Salia Musala is a dusty little trading centre riddled with grass thatched houses of cone shaped roofs and a handful of iron roofed shops and kiosks.

This remote centre situated at the northwestern tip of the West Nile region is one of the places Koboko district officials are proud to second to any tourists and adventure lovers who visit the district.

In fact the Koboko deputy chief administrative officer Mr Simon Alonga calls it an exciting and peculiar place.

Its charm lies in the fact that it’s the meeting juncture for three international boundaries of Uganda, Democratic Republic of Congo and South Sudan.

In its vicinity the Ati and Ayapi hills on the DR Congo side and the Rego hill on the South Sudan part of the divide form a gorgeous arc of scenic beauty.

While River Kaya which forms the bulk of the Uganda-South Sudan border along the Northern limits of West Nile starts about 100 metres down from the tri-point.

Residents say those who demarcated the border during the colonial times had put three stones in the shape of a traditional African cooking oven to locate the meeting point, hence the name Salia Musala.

The name comes from two Kakwa wards Salia which means cooking stones and Musala which means three. Salia Musala therefore means the three cooking stones.

But to the residents of Salia Musala, the place is not really that exciting apart from people of the same traditional and cultural lineage been divided into three countries.

There is actually nothing that shows the tri-point right now with the three stones long gone.

A bulging fig tree under which people from the three countries gather for Sunday prayers is now the thing perceived to represent the triple border meeting point.

A motorable Ugandan security road west of the fig tree separates Uganda from DR Congo while to indicate the Uganda South Sudan border the residents deliberately constructed two grass thatched houses a meter apart with the view that the borderline passes in-between the two. 

Reduced business activity

Salia Musala appears less vibrant today than it was four years ago when groundnut and other produce business boomed.

Most joints that sold cooked food to the traders have closed down as the number of traders going there has significantly gone down.

Mrs Monday Ariye, a 19-year-old mother of four children attributes the marked reduction in trading activity to insecurity in the insurgent wrecked South Sudan.

Sporadic gunshots coming from further afield north of Salia Musala is a near constant event that it appears some of the guns are just fired for the sake of firing.

The Kifua wazi detach of the Uganda Peoples Defense Forces is located about two kilometres from Salia Musala along the security access road that connects to the major Koboko-Oraba road.

The soldiers are under orders to escort all tourists and visitors from the Ugandan side to Salia Musala owing to the fragile security situation in the neighbourhood.

Congolese soldiersCongolese soldiers stationed on the DRC side of Salia Musala. PHOTO BY RICHARD DRASIMAKU

Forming the physical presence of security at Salia Musala are the armed forces of DR Congo. Again their presence does not excite people like Mrs Ariye who thinks the solders are just there to extort money from traders who make forays into DR Congo in search of produce.

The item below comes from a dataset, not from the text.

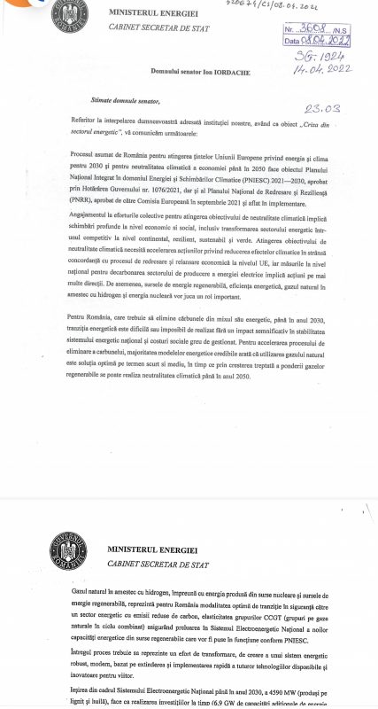 ,,Pe data de 23 martie 2022 am interpelat Ministrul Energiei și premierul cu privire la măsurile luate de Guvern pentru scăderea prețurilor la energie, planurile privind obținerea independenței energetice a României și planul de restructurare al Complexului Energetic Oltenia. Răspunsul transmis de PSD-iști denotă o lipsă completă de transparență și o bătaie de joc la adresa gorjenilor. Nu au răspuns la nicio întrebare, nu au oferit nicio informație nouă, rulează aceleași lozinci din ultimii trei ani și menționează că nu au actualizat datele pentru că „nu sunt finalizate discuțiile cu partenerii externi” ceea ce mi se pare foarte grav din moment ce solicitarea vizează siguranța sistemului energetic național”, a comunicat parlamentarul de Gorj.

“When you hear them shouting it is because someone has declined to pay,” she says while pointing at a check point set under the shade of a mango tree.

The female traders who go on foot are charged Ugandan sh200 to go into Congo. The men both on foot and on motorcycles part with sh500 while motorcyclists are setback sh1,000 to obtain the soldiers’ nod to get into Congolese territory.

The collections do not usually get into state coffers but end up in alcoholic bars on the Ugandan side of the trading centre.

But Ugandans or South Sudanese with gardens on the DR Congo side of the divide crisscross free of any disturbance. In fact local housing materials such as building poles, grass and reed as well as firewood for cooking are all got from DR Congo.

No school, health facilities

Two housesTwo houses in two countries at Salia Musala. The left house is in South Sudan while its Right side neighbour is in Uganda, the residents say. PHOTO BY RICHARD DRASIMAKU

Salia Musala is a place not gifted with social amenities such as disco or cinemas. Children of school going age walk to Mena Primary school deep inside Uganda.

There is no source of clean drinking water that the residents fetch water from River Kaya for domestic use.

Health facilities are so far that for most ailments, residents resort to herbs and leaves of what they think are medicinal plants.

Oraba health centre II and Keri health centre II which respectively are 5km and 12km away in Uganda are the nearest health facilities to the Salia Musala residents.

For complicated or serious ailments, the people have to take the 23km trek to Koboko health centre IV in Koboko town.